EXERCISE BRIEF:
Taking the line that contains "本次员工代表大会同学们以严谨" as the start and the last line of the data as the end, repeat exactly every line in that span, but no pictures.
::::
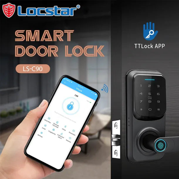 Locstar-C90 Digital Fingerprint Lock Keyless Entry Keypad Smart Door Lock with Handle
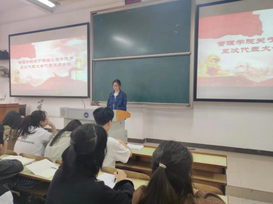 本次员工代表大会同学们以严谨负责的态度对待,充分发挥了民主精神,尊重每位同学的民主权利,班委会严格按照民主集中制的原则进行推选,采用无名投票的形式初步选出代表候选人名单(少数民族代表、各类先进模范人物在代表构成中需占有一定的比例),员工代表中要求有各级员工干部、先进集体(优秀团支部、活力团支部、优秀班集体等)的代表和先进个人优秀团员、优秀员工干部、三好员工等),并覆盖各公司、年级及主要社团,其中、院员工会工作人员的代表一般不超过40%,女性代表一般不少于25%,各公司员工总人数1%的比例选举产生代表,组建成四个代表团。
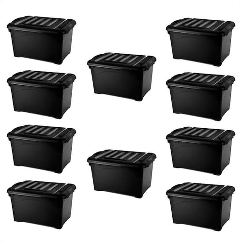 10 caixas organizadoras 25 litros preta com travas e rodinhas 10 caixas organizadoras 25l black com travas e rodinhas
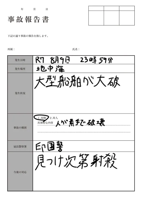 地中海で事故あったはずなのにインドの警察署に提出してるんだよね
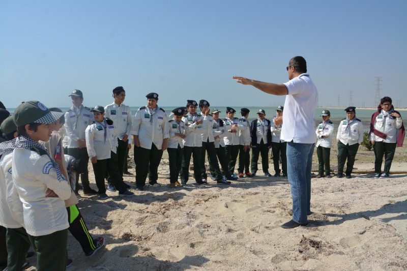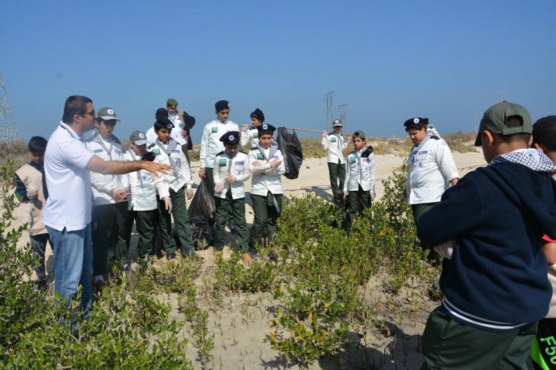 وكان في استقبال الكشافين المهندس : خالد الشيخ من إدارة حماية الحياة الفطرية والذي قدم شرح موجز عن أهمية الشجرة القرم ومواسم زراعتها وكيفية العناية بها , قام بعدها بتوزيع الكمامات والقفازات وأكياس النفايات على الكشافين للبدء في إزالة الشوائب والاعتناء بهذه النبتة الهامة. وقد تفاعل الكشافون مع هذه الحملة بشكل رائع انطلاقا من أهمية القيام بمثل هذه الأنشطة الفاعلة.
::::
WRITTEN SOLUTION:
 本次员工代表大会同学们以严谨负责的态度对待,充分发挥了民主精神,尊重每位同学的民主权利,班委会严格按照民主集中制的原则进行推选,采用无名投票的形式初步选出代表候选人名单(少数民族代表、各类先进模范人物在代表构成中需占有一定的比例),员工代表中要求有各级员工干部、先进集体(优秀团支部、活力团支部、优秀班集体等)的代表和先进个人优秀团员、优秀员工干部、三好员工等),并覆盖各公司、年级及主要社团,其中、院员工会工作人员的代表一般不超过40%,女性代表一般不少于25%,各公司员工总人数1%的比例选举产生代表,组建成四个代表团。
 10 caixas organizadoras 25 litros preta com travas e rodinhas 10 caixas organizadoras 25l black com travas e rodinhas
 地中海で事故あったはずなのにインドの警察署に提出してるんだよね
 وكان في استقبال الكشافين المهندس : خالد الشيخ من إدارة حماية الحياة الفطرية والذي قدم شرح موجز عن أهمية الشجرة القرم ومواسم زراعتها وكيفية العناية بها , قام بعدها بتوزيع الكمامات والقفازات وأكياس النفايات على الكشافين للبدء في إزالة الشوائب والاعتناء بهذه النبتة الهامة. وقد تفاعل الكشافون مع هذه الحملة بشكل رائع انطلاقا من أهمية القيام بمثل هذه الأنشطة الفاعلة.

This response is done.